After my friend's husband died, I thought about her all the time.  She was my anchor to Perspective.  When my husband's return date from Iraq kept changing and I was upset thinking we might have to cancel our non-refundable travel plans, I realized that my friend would give anything to have cancelled travel plans with her husband.  When my husband does something to really tick me off, I realize that I'm lucky to have a husband to tick me off.  Any time I feel like life gets to be too much, I think of my friend and how she'd trade places with me in a heartbeat.  Job troubles, PCS woes, toilets that don't flush: she'd take any of that if it meant having her husband back.


Being friends with a war widow has given me an enormous amount of Perspective.

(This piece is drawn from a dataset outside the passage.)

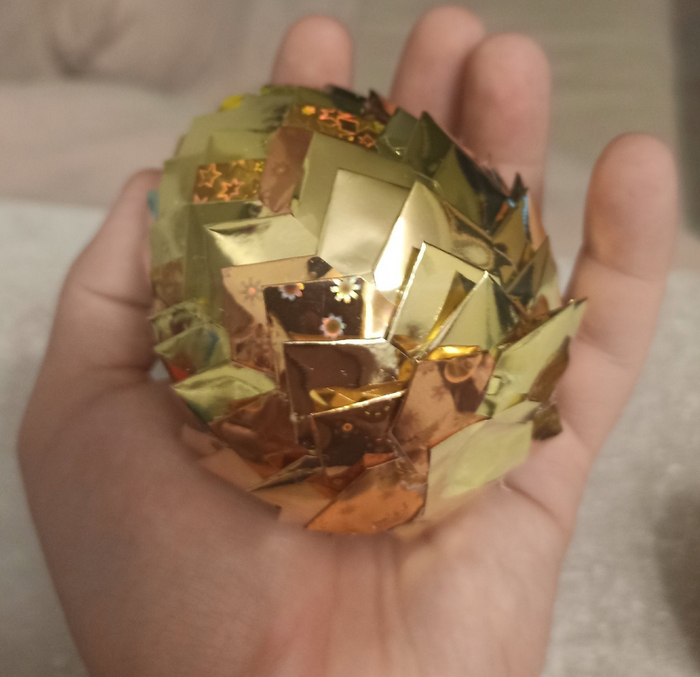 Так вот, приходит новое задание - обклеить эти яйца золотой бумагой, в виде шишек. Гы) а мы то думали, че с ними делать?... ну ладно. Приступаем к челенджу.

Military spouses derive their Perspective from a variety of places.  Many spouses think about how hard it would be to be a Vietnam-era spouse, or WWII, or Civil War; we gain Perspective on our lives when we think of how hard it would be to do these deployments without email or webcams.  Andi wrote a post about First Ladies, women who face many of the same issues we do but with far fewer comrades to keep them company.  I have a good Army wife friend who repeatedly watches the episode of From the Earth to the Moon about the Apollo astronaut wives because she says those are the only spouses she knows who had it harder than military spouses; she gains Perspective from knowing that no matter what happens to her husband, she never has to face the idea of him orbiting the moon for eternity, never to return.  No matter where we get it, we military spouses are all privy to that Perspective on life.  We all know how precious life is because we stare loss in the face on a daily basis.


I wouldn't trade this Perspective for anything, even though I know it comes at a great price.  I can never imagine going back to a time when I would let cancelled travel plans ruin my day.  I choose to celebrate life's bumps and bruises because I am always aware that my husband is here to slog through it with me. 


Muddy boots, filthy PTs, and dirty TA-50 are a blessing to be cherished.  That's Perspective.